Irregular Menstruation after Childbirth
In this article we’ll share with you everything you need to know about irregular menstruation after childbirth so that nothing will take you by surprise.
After delivery, the body needs time to adjust, recover and return to normal after the 9 months of changes it went through.
Menstrual changes and the time it takes to get your first period after childbirth vary from one woman to another. These changes are completely natural and there’s nothing to worry about.
How should the first menstrual cycle be after delivery?
The first menstruation after childbirth can take up to 5 or 6 months to occur. In some cases, it takes up to a year.
This delay occurs due to the changes the body experienced and that are still occurring.
So it is possible that:
- Your first period might be more painful and abundant than those that occurred before pregnancy.
- It might be preceded by premenstrual syndrome, which might cause vomiting and slight dizziness.
- You might have lochia. Lochia is a type of hemorrhage which is made up of mucus and tissue that was formed in the uterus during pregnancy.
Your first 2 or 3 periods after childbirth might be abundant in terms of quantity before returning to normal.
Sometimes gynecological problems such as ovarian cysts and endometriosis are resolved spontaneously during and after childbirth.
“The first period after childbirth may be delayed by 5 or 6 months, in some cases by even up to a year”
Irregular menstruation while breastfeeding
Menstrual changes occur differently in women and they depend to a large extent on the woman’s hormonal and physical composition, as well as whether or not breastfeeding is maintained.
Breastfeeding is associated with an increase in prolactin production. Prolactin is the hormone that is responsible for menstrual disorders.

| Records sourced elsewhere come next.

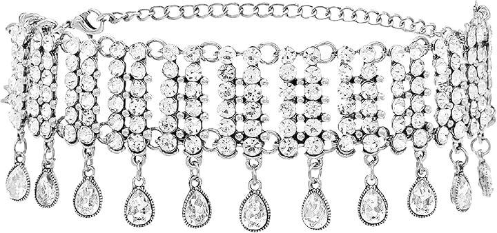 華やかな存在感を放つ、デザイナーズチョーカー」 このエクスクルーシブなダンス用チョーカーは、一際目を引くラインストーンと、光り輝くドロップ型ペンダントでデザインされています。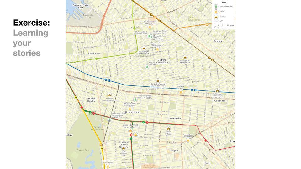 Building on this framework, the activity encouraged students to make personal connections to land and space by mapping their own spatial stories. Using tracing paper over the map, they marked landmarks, labeled them with their significance, and traced familiar routes, answering prompts about their daily routines, Sunday activities, and potential tours they’d give of Brooklyn. The exercise sparked enthusiasm and engagement, with students eagerly sharing their stories and reflecting on the places that hold personal significance in their lives.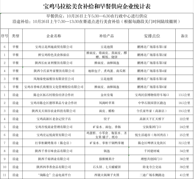 賽事當天清晨5:30至6:30,位于鵬博北廣場的6個愛心早餐供應(yīng)點將準時為參賽選手點亮溫暖燈火。各供應(yīng)點已準備就緒,將提供包括豆花泡饃、搟面皮、地軟包子、煮雞蛋、南瓜粥、油酥鍋盔、醪糟、稀飯、燒餅等在內(nèi)的多種地道寶雞特色早餐。這些熱氣騰騰、營養(yǎng)豐富的早餐,旨在幫助選手們積蓄能量,以最佳狀態(tài)迎接比賽,傳遞出寶雞這座城市友好、周到的人文關(guān)懷。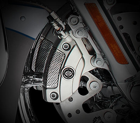 Vertrauen ist gut, Kontrolle ist besser. Brembo® Hochleistungs-Doppelscheibenbremsen vorn sorgen für eine exakt dosierbare Verzögerung, die Vertrauen schafft und die perfekte Kontrolle über das Bike gewährleistet. Die Vierkolben-Bremssättel vorn und hinten zählen zum Besten, was auf dem Markt zu haben ist. Ein weiteres Beispiel für die Sorgfalt der Motor Company, die sich bis ins Detail erstreckt, um Ihnen eine sorgenfreie Fahrt zu sichern.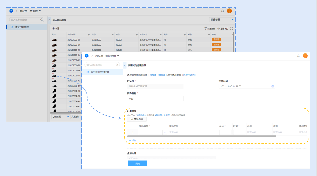 在闪搭使用跨应用功能,可以实现应用表单、报表数据之间的关联,便捷地调用其他应用中的数据。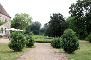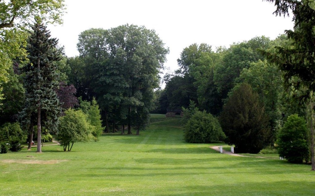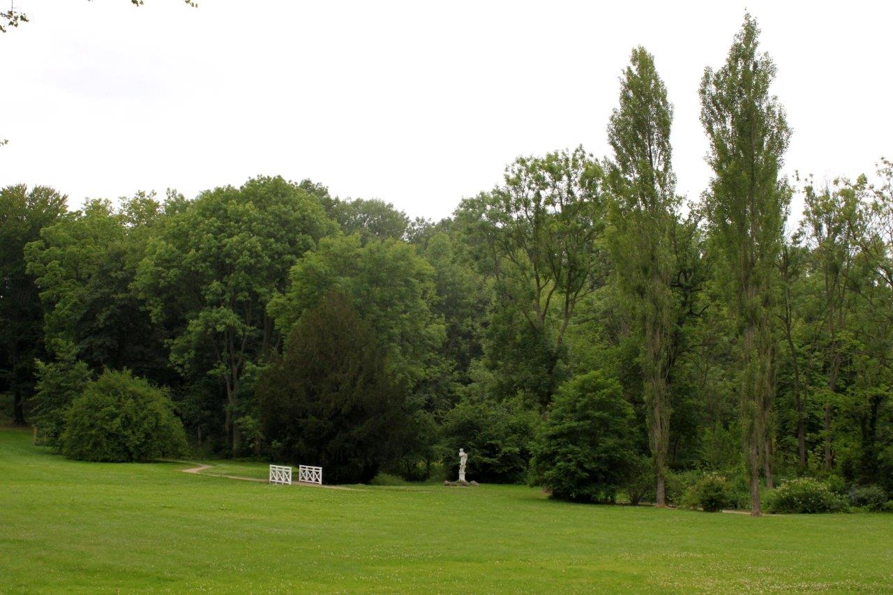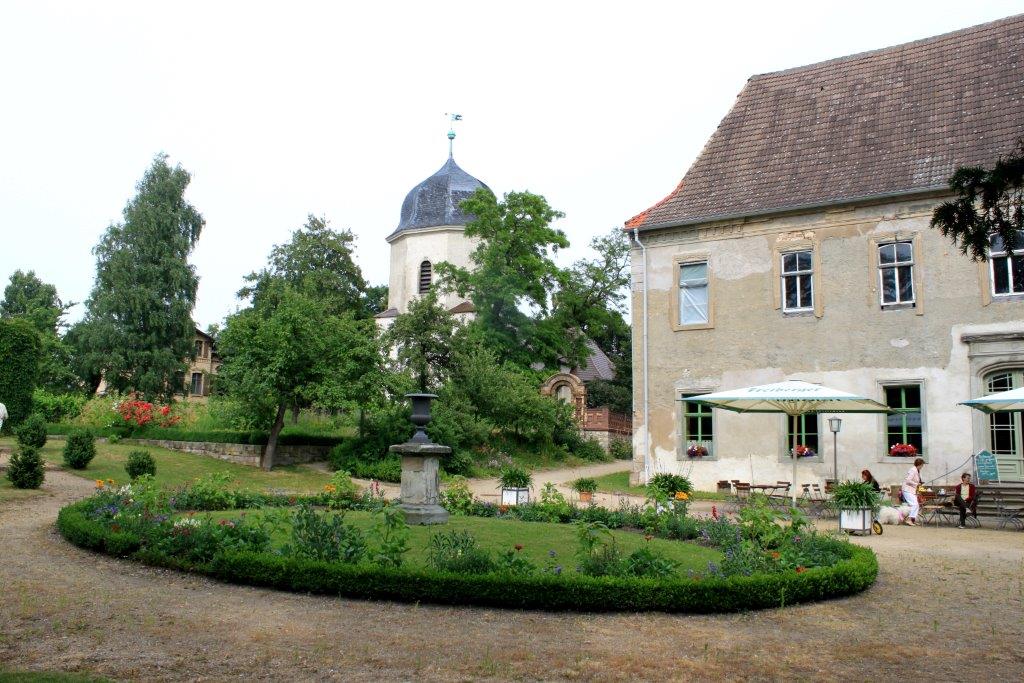 Geht man um das Schloss herum, eröffnet sich alsbald die wirklich beeindruckende Blickachse, die von der ruinösen Orangerie über ein rundes barockes Buchsbaumparterre und über die Rasenfläche bis zu alten Baumriesen und dem rekonstruierten Fundament des Teehauses reicht.

Women who breastfeed may have delays of up to 5 months before getting their period again.
Women who don’t breastfeed can get their period 2 months after delivery.
Although you might not get your period while breastfeeding, the circumstances may vary and some women may go through an irregular menstrual phase.

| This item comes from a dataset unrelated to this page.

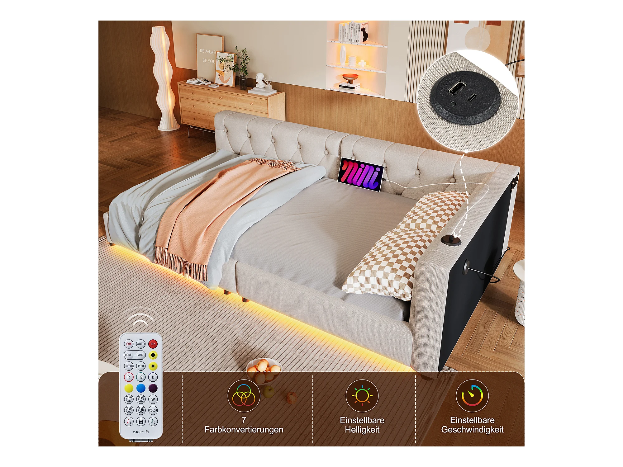Daybett 90x200cm, Lit de jour, Canapé-lit, avec LED, Rangement, USB + Type-C, Lit extractible, avec sommier (sans matelas), Lin, Beige (210x94.5x71 cm)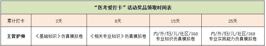 参与主管护师“护考爱打卡”活动,助你坚持复习,快速冲刺**,更有《仿真模拟卷》和高频考点秘籍大礼包免费赠送!

Many women don’t have the same symptoms when they get their first period after pregnancy. Some suffer from dizziness, nausea and swollen limbs.
This variation in symptoms might be associated with the mother’s milk production which elevates prolactin levels.
Can I get pregnant while having irregular menstruation after childbirth?
Even while experiencing irregular menstruation after childbirth, a woman can still get pregnant since ovulation is still occurring.
You may release your first ovum after childbirth without even realizing it. This can happen as soon as 2 weeks after delivery.
The level of fertility is dramatically low after childbirth. Although fertility levels are low, keep in mind that they’re not zero.
The breastfeeding and amenorrhea method is only effective 98% of the time if all of the rules are followed during the first 6 months after childbirth.
Keep in mind that irregular menstruation after childbirth can start to normalize after 6 months.
“The first menstruation after delivery is a sign that the reproductive system is returning to its normal cycles”
8 practical suggestions to normalize menstruation after delivery
The menstrual cycle normalizes after a few months. However, there are some things you can do to help regulate your period:
- Have a balanced diet rich in minerals and nutrients.
- Do light exercise.
- Drink lots of water and fruit juice during the day.
- Don’t drink alcoholic beverages.
- Rest as you see fit.
- Don’t smoke.
- Try to be stress free.
- Avoid junk food.
Don’t worry too much about your period. Go ahead and enjoy motherhood.
The most important thing for you to know is that your first period after delivery is a sign that your reproductive system is returning to its regular cycles.
This occurs even though the ovaries have experienced important changes.
It may take several months for your period to regain the characteristics it had before pregnancy.
If other problems arise such as persistent heavy bleeding, consult your gynecologist for them to evaluate and treat the problem as they see fit.